Prompt. Find the line below with "Delta Trask Matte". Print it and every line after it exactly, through the last line, leaving out the pictures.

Entries taken from a collection:
• • • • • • •
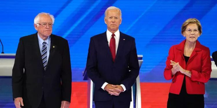 左起:桑德斯、拜登、伊丽莎白·沃伦
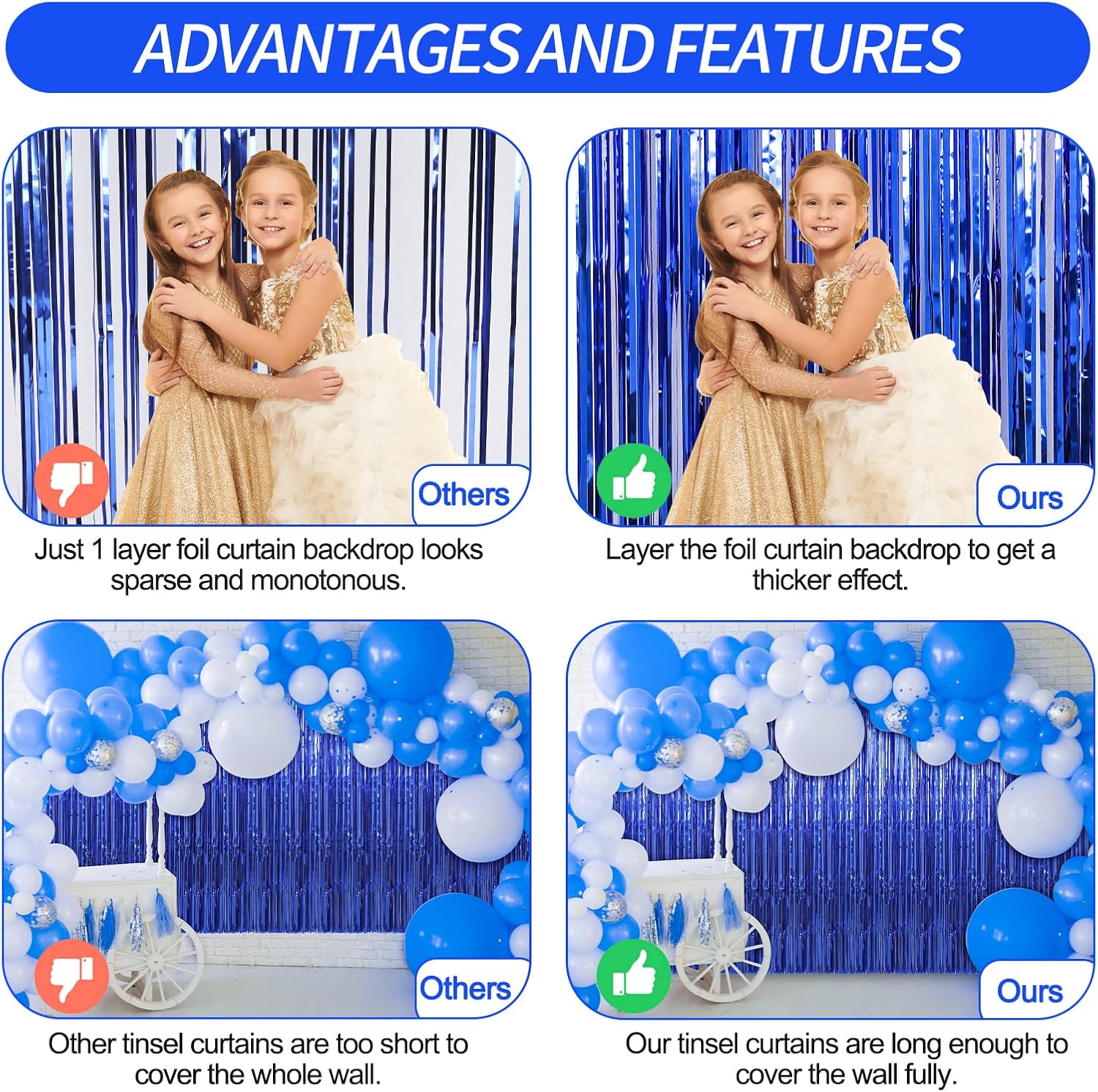• Easy to Use - The foil curtain backdrop comes with double sided tape on the top, peel plastic strip off and it would be very easy to paste on smooth surfaces such as wall, window, table, door or anywhere you like. You can cut the foil curtain with scissors into the suitable Length, assemble the party streamers side by side to make the black backdrop larger, or layer the backdrop curtains to get a thicker effect.
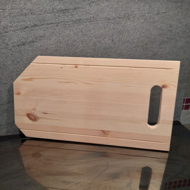 Dettagli del prodottotagliere in legno listellare di abete, autoprodotto,misure 46x25 con spessore 22 mm....lavorazione manuale, ritagliato da pezzi di scarto della lavorazione del legno...idea regalo per Natale, possibilità di usarlo come supporto per il classico cesto natalizio
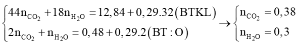 + Bảo toàn O: 6nX + 2nO2 = 2nCO2 + nH2O ⇔ 6x + 2.0,77 = 2y + 0,5 (1)
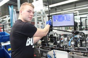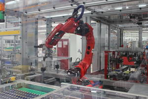Den ersten Schritt bei der Herstellung von Batterie-Modulen übernimmt ein Roboter. Innerhalb von Sekunden testet er die Funktion der einzelnen Batteriezellen und setzt sie anschließend ein. Bei Fehlern sortiert er die defekten Elemente aus. Die Endmontage der Batterien erfolgt teilautomatisiert auf der Fertigungsstraße.
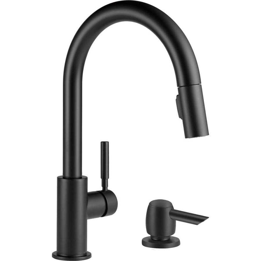 Delta Trask Matte Black Single Handle Pull-down Kitchen Faucet with Deck Plate and Soap Dispenser Included | 19933-BLSD-DST
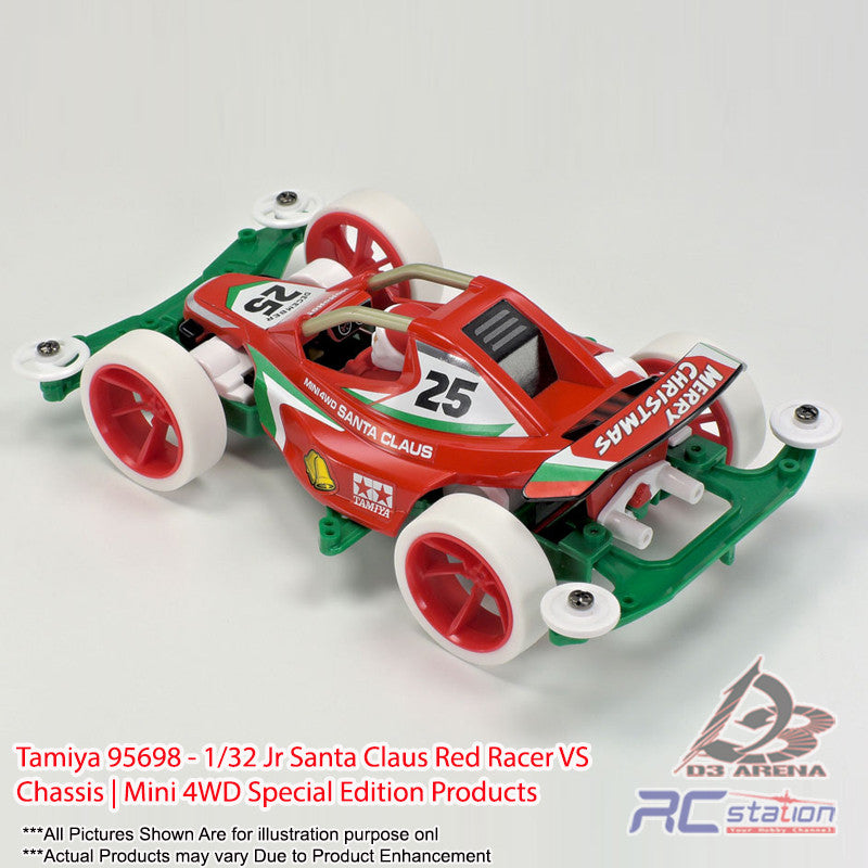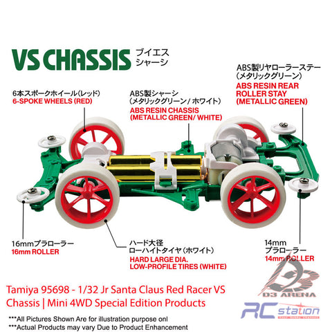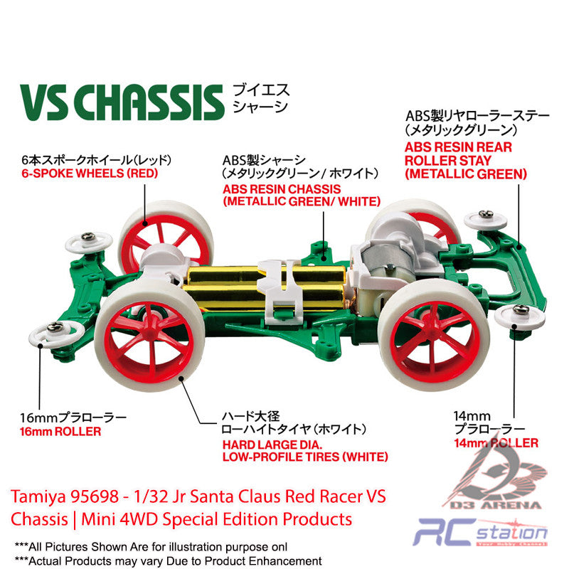 The VS chassis is a lightweight chassis featuring a short wheelbase, air ducts to help cool the motor, and a hinged switch cover/battery holder. The main chassis and A parts are ABS plastic; chassis and rear roller stay are metallic green, with rollers and battery holder in white for a Christmassy image. Red 6-spoke wheels are paired with hard, large-diameter low-profile tires in white. The model comes with 5:1 gears.
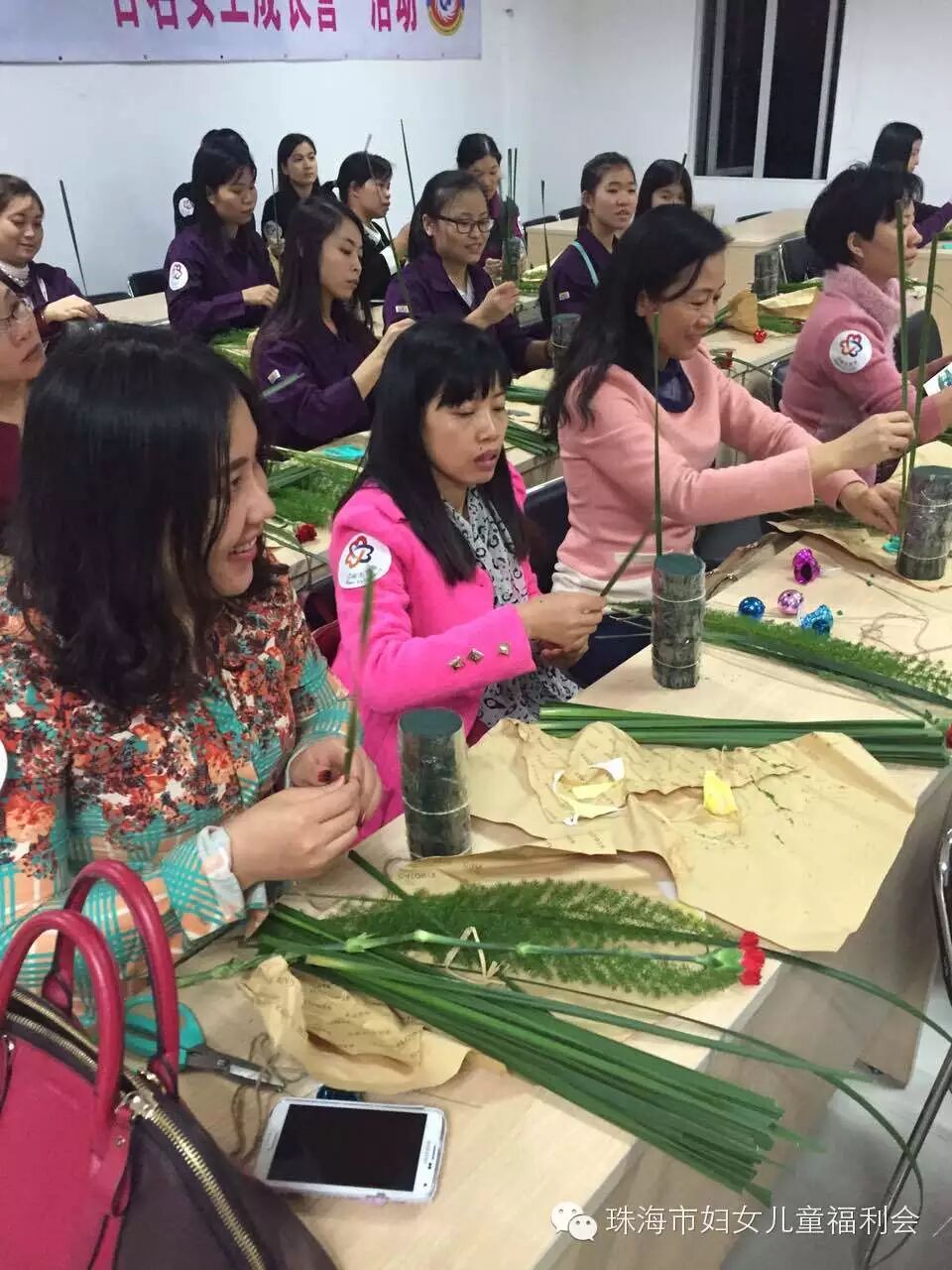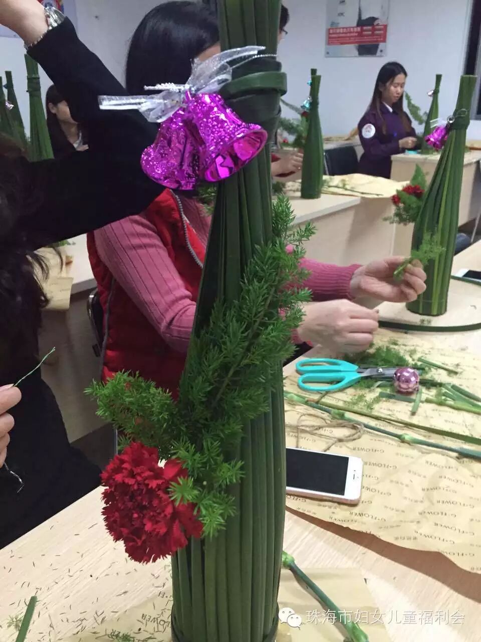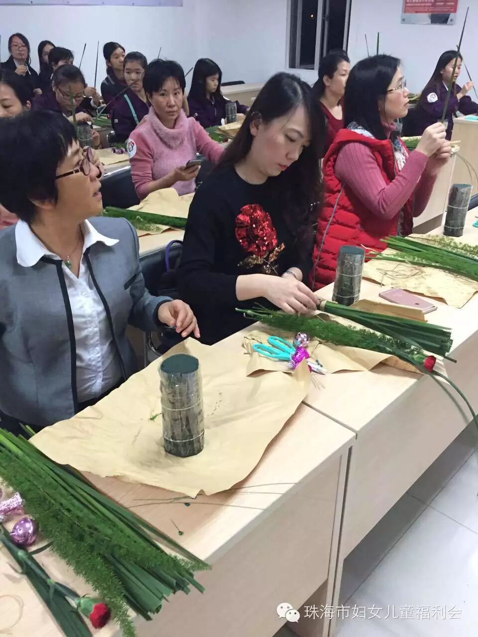 我会承接社会购买服务园区妇女之家——百名女工成长营项目于12月10日晚,在南屏科技园区管委会202室插花班拉开帷幕,我会联合专注新鲜花艺13年,积累了400多个花艺活动案例、借鲜花为顾客传达情义的人气花卉品牌——果然有花,为南屏工业园区的姐妹们,带来了一堂别致的、具有简约风,以圣诞为主题的花道体验课。让花道带走生活、工作的喧嚣与烦恼,让内心与久违的平静重逢。
• • • • • • •
Exercise answer.
 Delta Trask Matte Black Single Handle Pull-down Kitchen Faucet with Deck Plate and Soap Dispenser Included | 19933-BLSD-DST
 The VS chassis is a lightweight chassis featuring a short wheelbase, air ducts to help cool the motor, and a hinged switch cover/battery holder. The main chassis and A parts are ABS plastic; chassis and rear roller stay are metallic green, with rollers and battery holder in white for a Christmassy image. Red 6-spoke wheels are paired with hard, large-diameter low-profile tires in white. The model comes with 5:1 gears.
 我会承接社会购买服务园区妇女之家——百名女工成长营项目于12月10日晚,在南屏科技园区管委会202室插花班拉开帷幕,我会联合专注新鲜花艺13年,积累了400多个花艺活动案例、借鲜花为顾客传达情义的人气花卉品牌——果然有花,为南屏工业园区的姐妹们,带来了一堂别致的、具有简约风,以圣诞为主题的花道体验课。让花道带走生活、工作的喧嚣与烦恼,让内心与久违的平静重逢。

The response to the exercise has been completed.